Mr O’Byrne said outpatient waiting times were one of the biggest bottlenecks in the system at present.

“The numbers estimated on outpatient lists waiting for a first outpatient consultant appointment are about 200,000 at the moment. That seems to be a fairly static figure – and in some cases patients are waiting years.

“I have come across instances fairly recently where people are waiting for an outpatient appointment for five years, four years, three years. It’s not unusual, it’s out there.”

Minister for Health James Reilly, who opened the conference at the Burlington Hotel, said he was setting up a special delivery unit – similar to a previous initiative in Northern Ireland – which would tackle waiting lists within three years. It will be established within the Department of Health with strong representation from the HSE and input from Northern Ireland and Britain.

He had asked for “real time” information from the Department of Health on waiting list figures and that information was now being collated.

“Working off information that’s a year and two years old isn’t good enough any more,” he said.

“I will be personally monitoring the special delivery unit . . . I did say before the election that I would be judged by this and I would deliver the reduction in waiting times to acceptable levels within three years,” he added.

Asked if he felt the special delivery unit would work in cutting the waiting lists within three years, Mr O’Byrne said: “I think the potential is there to do it, yes.”

Michael Scanlon, secretary general of the Department of Health, who also addressed the conference, said waiting time data for outpatient appointments was poor to non-existent.

He said where a focus had been brought to bear on waiting times and targets set – such as for urgent colonoscopies, which now must be performed within one month of a patient’s referral – these were being met.

However, waiting times for non-urgent colonoscopies were still unacceptable.

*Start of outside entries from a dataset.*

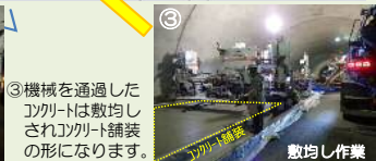
③機械を通過したコンクリートは敷均しされコンクリート舗装の形になります。
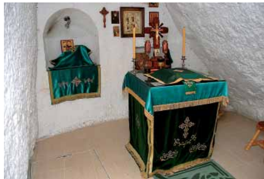
Унутрашњост храма и олтарски део у стени The holy church interior and the altar in the rock
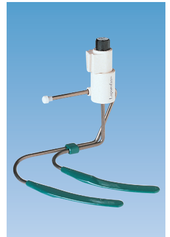
ラパロファン™ "J" ライト型
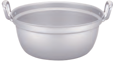
TKG IH アルミ 円付鍋
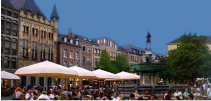
Platz vor Rathaus Restaurant Goldener Schwan ganz links im Bild
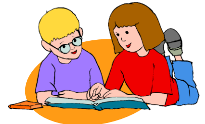
Arbeiten Sie zu zweit/ mit Ihrer Nachbarin/ Ihrem Nachbarn.
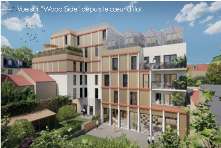
Illustration à la libre interprétation de l'artiste.

À 600 m de la ligne 9, desservant rapidement le Grand Paris
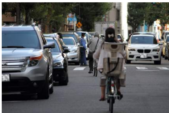
一方通行の左右に路上駐車があふれ、それを避けて道路の中央を走る自転車。その正面から対向車も。 ※公開組分けテスト会場（東京）にて

万が一にも事故を起こさない—そのためには四谷大塚・塾・会場関係者だけでなく、保護者の皆さま一人ひとりの協力が欠かせないことをご理解ください。
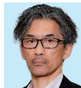
藤 枝 大石 晴久 共に考えよう! 奉仕の意義と クラブの価値
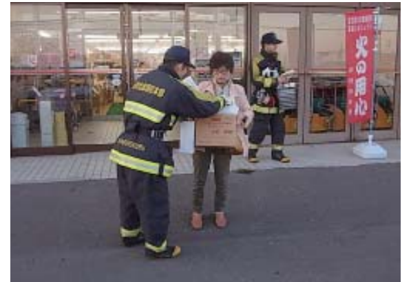
秋の火災予防運動も実施されました
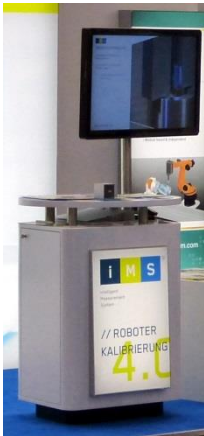
Monitor 43" aufgeständert
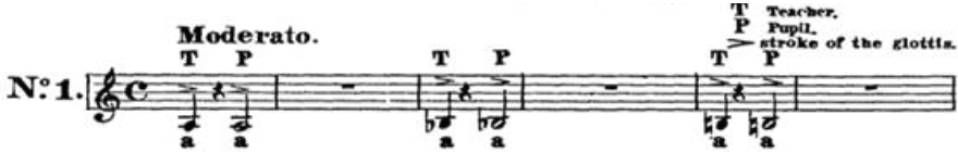
Şekil 1. Sesin Aktarılması Üzerine Etüt No: 1

Heinrich Panofka'ya göre, bir tonun güzel olması için onun saf, açık ve gür olması gereklidir. Saflık, hançerenin küçük bir hareketiyle elde edilir. Bu, mükemmel bir entonasyon elde etmek için güvenilir bir yoldur. Tondaki açıklık "a" vokalinin doğru üretilmesiyle elde edilecektir. Gürlük ise, ağzın uygun ölçüde açılmasına bağlıdır. Ancak sonorite problemleri yaşamamak için ağız açıklığını en doğal şekilde yapmak gerekir.
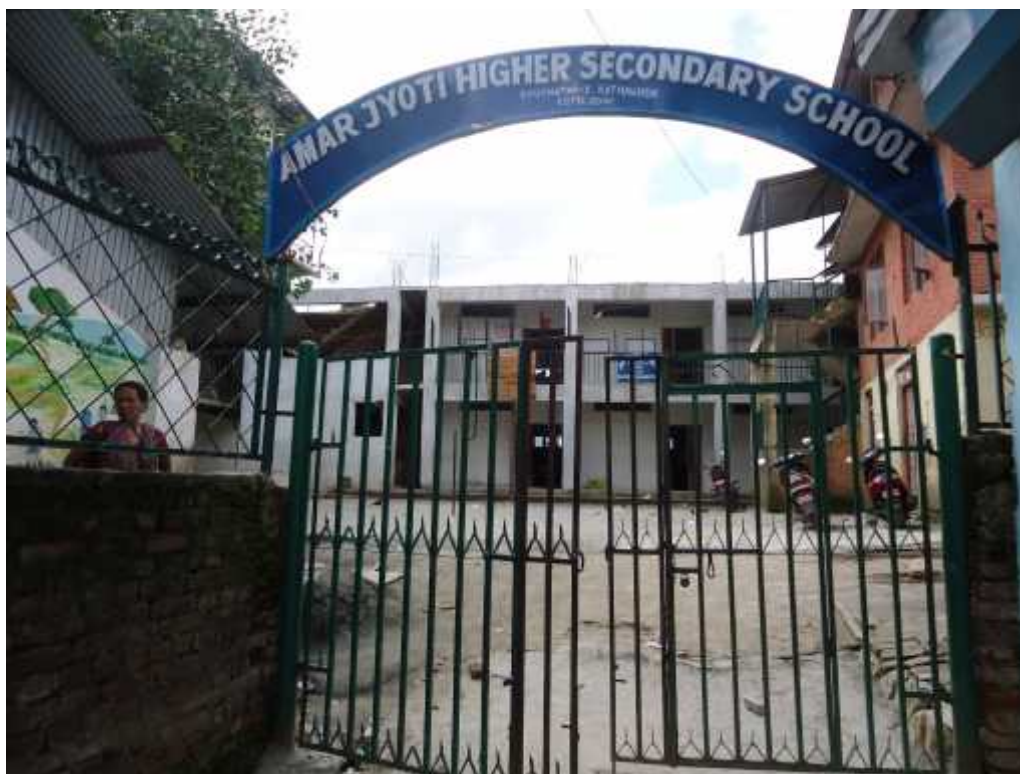
छनोटमा परेका सामुदायिक सामुदायिक विद्यालय

The HSE said last night it was currently validating outpatient waiting list data to determine the true figures.

Dr Reilly also told delegates that the amount of money going into the service was unsustainable.

“Even if we weren’t facing the dire financial situation that the country does face, if we hadn’t attempted to reform our health service, if we had no plan for this [reform], the country would be bankrupted by the health system alone,” he added.